Когда набралась окровавленная куча из пальцев рук и ног, ушей, век, губ, носа, передних зубов, вульвы, скальпа и левой груди, заплечных дел мастера поднялись и вытерли руки кусками бирюзовой блузки, готовясь перекурить и полюбоваться, как получилось. Девушка еще дышала, вокруг дыр на лице пузырилась кровь.
Пестрый достал нож, который отобрал когда-то у человека, зарезанного ими в Букараманге, и присел на корточки. Попробовав лезвие, полоснул поперек живота девушки, чтобы потом запихнуть туда отрезанные части вместо белого петушка, который обычно помещается в чрево беременной.
Затем Малыш умело надрезал горло под подбородком, чтобы вытащить наружу язык, не повредив сонную артерию. Оба выпрямились, и Пестрый с некоторым сожалением проговорил:
– Все равно что на блядки сбегать. Раз, и кайф уходит.
Убийцы по очереди отлили на раны.
– Ссаки – это антибиотик, – выдал всегдашнюю шутку Малыш, а Пестрый, как обычно, в ответ хрюкнул. – Ну что, прикончим ее?
– Вот еще, кореш, и так кровью изойдет. Даже если выживет, доктора ее из жалости пришьют, а не они, так сама себя замочит со стыда за свою харю. Жаль, милашка была.

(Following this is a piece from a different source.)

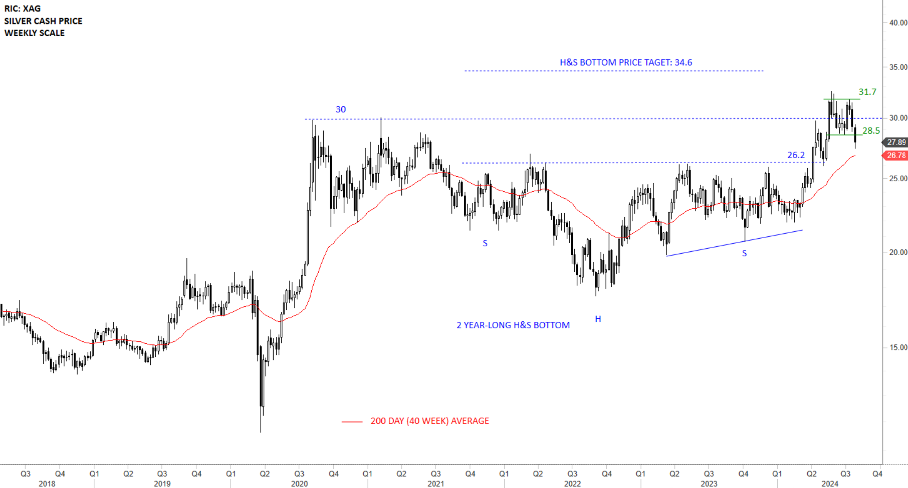 Below is the daily scale price chart of Silver. Breakout above 26.2 levels confirmed not only the H&S bottom reversal but also the right shoulder as an ascending triangle. The chart is showing an uptrend with higher highs and higher lows. Minor low at 28.5 can act as short-term support once again. A possible short-term consolidation can form between 28.5 and 31.7 levels. Breakdown below 28.5 levels can push price lower towards the 200-day average at 26.7 levels.

– Чересчур длинная. Мне нравятся пониже.
Малыш завернул отрезанную грудь в остатки блузки, и оба опять вытерли руки кусками изорванной одежды. Чувствуя, что потрудились на славу, они сели в «форд-фалькон» и поехали в бар отдохнуть перед тем, как отправиться на новое дело.
50. Летиция Арагон (3)
Дионисио Виво не знал, что случилось с Аникой; сознавая только, что отвергнут, он собирал воспоминания и раскладывал их в хронологическом порядке. Он всегда подбирал по два камешка. Вот эти два – от лавины, их чуть не накрыло, когда они играли в техо; эти – с дороги, где они бегали по утрам, еще два – из-под дерева, с которого птица пела им рассветную серенаду; вот два – из парка, где он читал ей стихотворение Габриэлы Мистраль[45]о красотах природы, а вот эти – с того места, где его чуть не унесло течением; эти два – из переулка, где они победили грабителей, два – из секретной пещеры, где нашли туфлю, а эти лежали перед входом в невероятный китайский ресторанчик; два с того места, где они встретили Аурелио с Мисаэлем и двумя черными ягуарами из Кочадебахо де лос Гатос, эти подобраны у бара, где произошло неудавшееся покушение, вот два с дорожки у больницы, где ему ветеринарным шприцем вкатили слоновью дозу антивенерического коктейля, два – с тропинки к родительскому дому в Вальедупаре, а эти – из сада Голого Адмирала и его жены-исследовательницы.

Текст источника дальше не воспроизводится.